WORK REQUEST
Below are the records; copy exactly the stretch from the line containing "Introducing the Youth" through the line containing "Entourer la daurade", both ends included, and nothing else.

#### DATA FOR PROCESSING ####

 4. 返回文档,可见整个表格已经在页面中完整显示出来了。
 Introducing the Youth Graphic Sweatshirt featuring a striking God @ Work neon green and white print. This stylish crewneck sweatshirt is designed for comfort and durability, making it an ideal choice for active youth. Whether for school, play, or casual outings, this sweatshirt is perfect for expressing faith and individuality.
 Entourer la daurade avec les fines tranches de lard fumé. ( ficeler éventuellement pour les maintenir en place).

####
#### DATA FOR PROCESSING ####

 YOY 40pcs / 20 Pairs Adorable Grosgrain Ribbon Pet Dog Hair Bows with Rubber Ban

####
#### DATA FOR PROCESSING ####

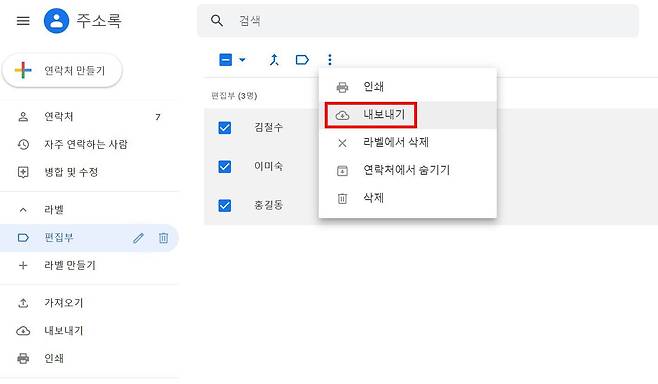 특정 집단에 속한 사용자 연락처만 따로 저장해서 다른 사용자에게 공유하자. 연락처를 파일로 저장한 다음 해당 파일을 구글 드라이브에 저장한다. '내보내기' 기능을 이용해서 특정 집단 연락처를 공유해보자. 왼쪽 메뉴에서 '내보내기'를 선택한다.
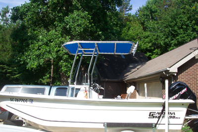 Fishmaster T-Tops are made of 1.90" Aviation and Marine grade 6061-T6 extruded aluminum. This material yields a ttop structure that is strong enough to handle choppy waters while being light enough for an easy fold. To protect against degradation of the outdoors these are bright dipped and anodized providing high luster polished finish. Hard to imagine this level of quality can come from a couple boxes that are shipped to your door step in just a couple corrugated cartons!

####

RESPONSE TO THIS TASK
 Introducing the Youth Graphic Sweatshirt featuring a striking God @ Work neon green and white print. This stylish crewneck sweatshirt is designed for comfort and durability, making it an ideal choice for active youth. Whether for school, play, or casual outings, this sweatshirt is perfect for expressing faith and individuality.
 Entourer la daurade avec les fines tranches de lard fumé. ( ficeler éventuellement pour les maintenir en place).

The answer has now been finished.